At my school, one class had to close after a student contracted COVID-19. No one in authority required or even recommended that the class’s teacher and its other educators be tested, under the pretext that they wore masks and visors (or glasses). The educators thus continued to work, not knowing if they were carriers, at risk of spreading the virus. Only a week later, before the school administration was even informed, the parents of the child concerned received a letter from Public Health indicating that their kid could return to class. This is just one of thousands of such recklessly handled cases across the province and the country.

Meanwhile, what are the unions doing to protect us? The answer, obviously, is nothing! While government policies and public health directives endanger our health and even our lives, the only thing that the unions are doing is echoing these same directives, with at best a few tiny criticisms—no matter that the health and lives of education workers, their families and the general population are at stake.
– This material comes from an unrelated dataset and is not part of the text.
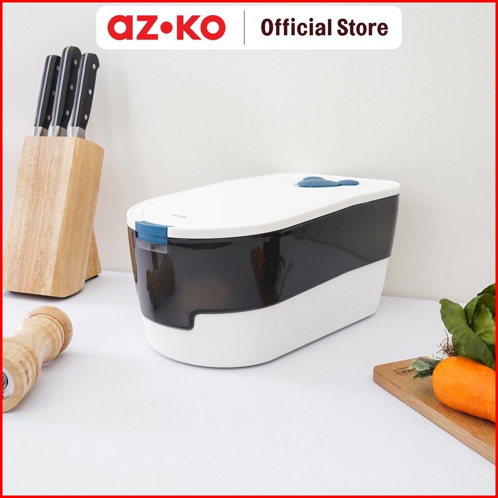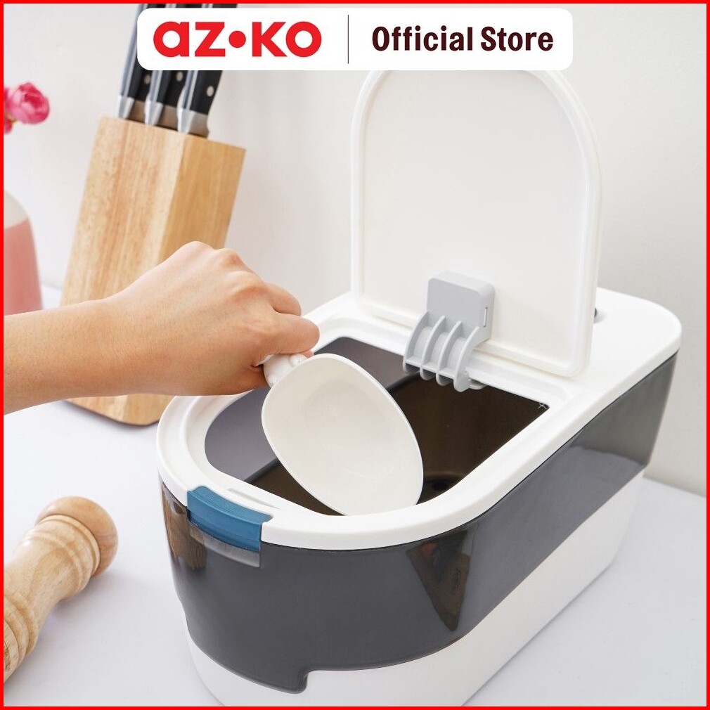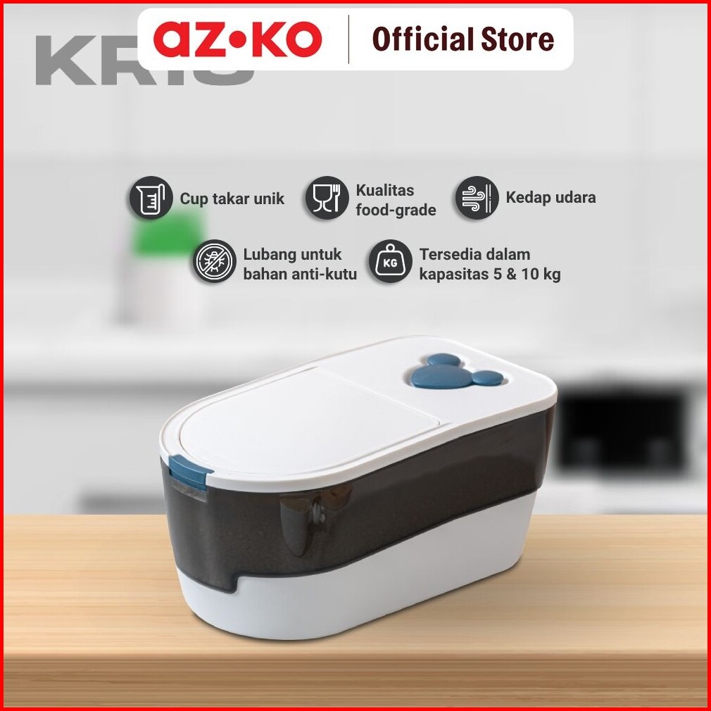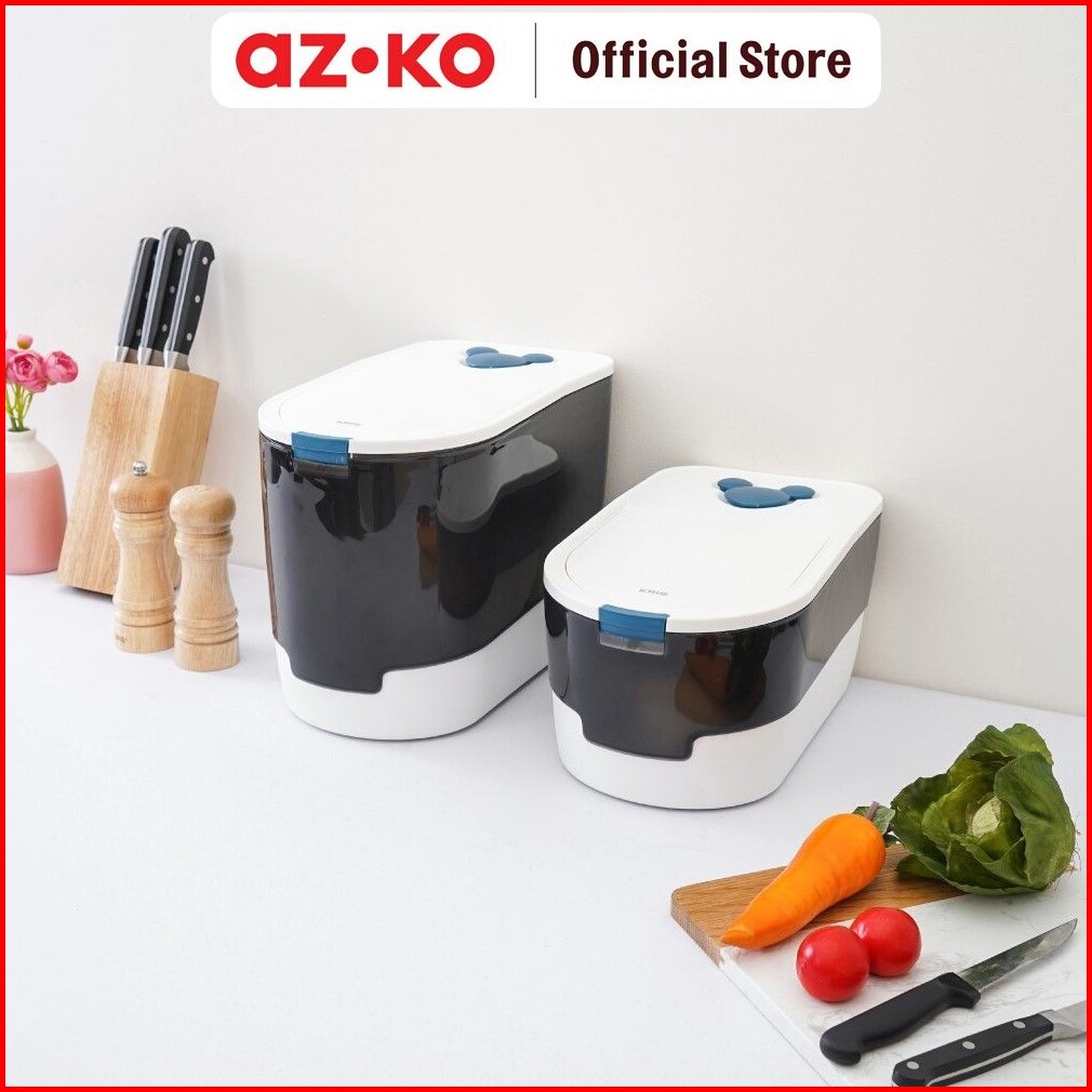 Azko Kris Tempat Beras 5 Kg - Hitam Putih Rice Container Food Grade Kotak Beras Wadah Penyimpanan Beras Perlengkapan Dap

Moreover, behind the scenes, the union leaders are talking with government and big business about how to “get the economy going again” without provoking working class resistance. In the case of Quebec’s public sector, the unions are preparing to accept major setbacks in our next collective agreements under the pretext that the pandemic has made the “economic situation” “unfavourable” for a struggle.

While we are being treated like cannon fodder and the government continues to starve health care, the ultra-rich, well-protected from the virus in their ivory towers, have taken advantage of the health crisis to get even richer. Benefiting from the Trudeau government’s C$650 billion bailout of the financial markets, banks and big business, Canada’s 20 richest billionaires, including Quebecer Alain Bouchard, have seen their wealth increase by C$37 billion since March.

To protect our own lives and those of our loved ones, teachers, all school personnel, parents and students must form rank-and-file safety committees, completely independent of all government institutions, employers, and the pro-capitalist unions.

Such rank-and-file committees have already emerged in the automotive, transportation, and education sectors in the United States, Australia, Britain, Germany, and elsewhere. Quebec and Canadian workers must join these efforts so that the international working class can advance its own solution to the current health and socio-economic crisis.

A network of school safety committees will be able to mobilize all workers to impose real safety measures. It will also have to prepare, in the face of the growing threat posed by the second wave of the COVID-19 pandemic, all the necessary actions—including a general strike—to impose the closure of the schools, which have become vectors of coronavirus transmission, and to guarantee that all students receive on-line education, in complete safety and with all the necessary logistical support.

For my part, I am not prepared to leave my health and my life, and those of my loved ones, in the hands of those who put the profits of the financial and business elite before human lives. Colleagues, what do you think?